I am new in PySpark and trying to append a dataframe with a numpy array.
I have a numpy array as:
print(category_dimension_vectors)
[[ 5.19333403e-01 -3.36615935e-01 -6.93262848e-02 2.37293671e-01]
[ 4.45220874e-01 1.30108798e-01 1.12913839e-01 1.87161517e-01]]
I would like to append this to a pyspark dataframe as a new column where each row in the array stored in its correspondent row in the dataframe.
Number of rows in the array, and the number of rows in the dataframe are equal.
This is what I have tried first:
arr_rows = udf(lambda row: category_dimension_vectors[row,:], ArrayType(DecimalType()))

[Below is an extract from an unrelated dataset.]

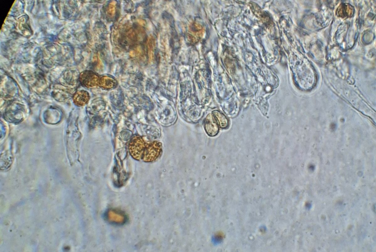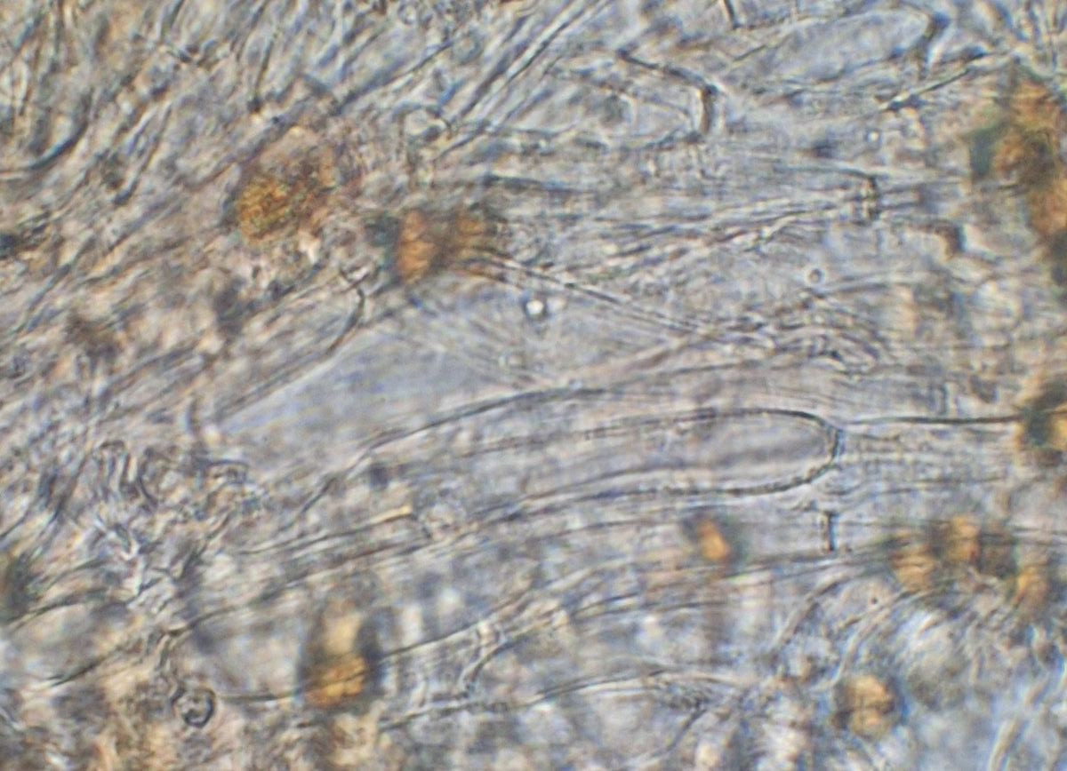 In Melzers, Sporen dextrinoid, lange kugelkopfige Strukturen (Zystiden?) vorhanden, Schnallen habe ich nicht gefunden

df = df.withColumn("category_dimensions_reduced", arr_rows(df))
Getting the error:
TypeError: Invalid argument, not a string or column
Then I have tried
df = df.withColumn("category_dimensions_reduced", lit(category_dimension_vectors))
But got the error:
org.apache.spark.SparkRuntimeException: [UNSUPPORTED_FEATURE.LITERAL_TYPE]
What I try to achieve is:
+----+----+-----------------------------------------------------------------+
| a| b|category_dimension_vectors |
+----+----+-----------------------------------------------------------------+
|foo | 1|[5.19333403e-01,-3.36615935e-01,-6.93262848e-02,2.37293671e-01] |
|bar | 2|[4.45220874e-01,1.30108798e-01,1.12913839e-01,1.87161517e-01] |
+----+----+-----------------------------------------------------------------+
How should I approach to this problem?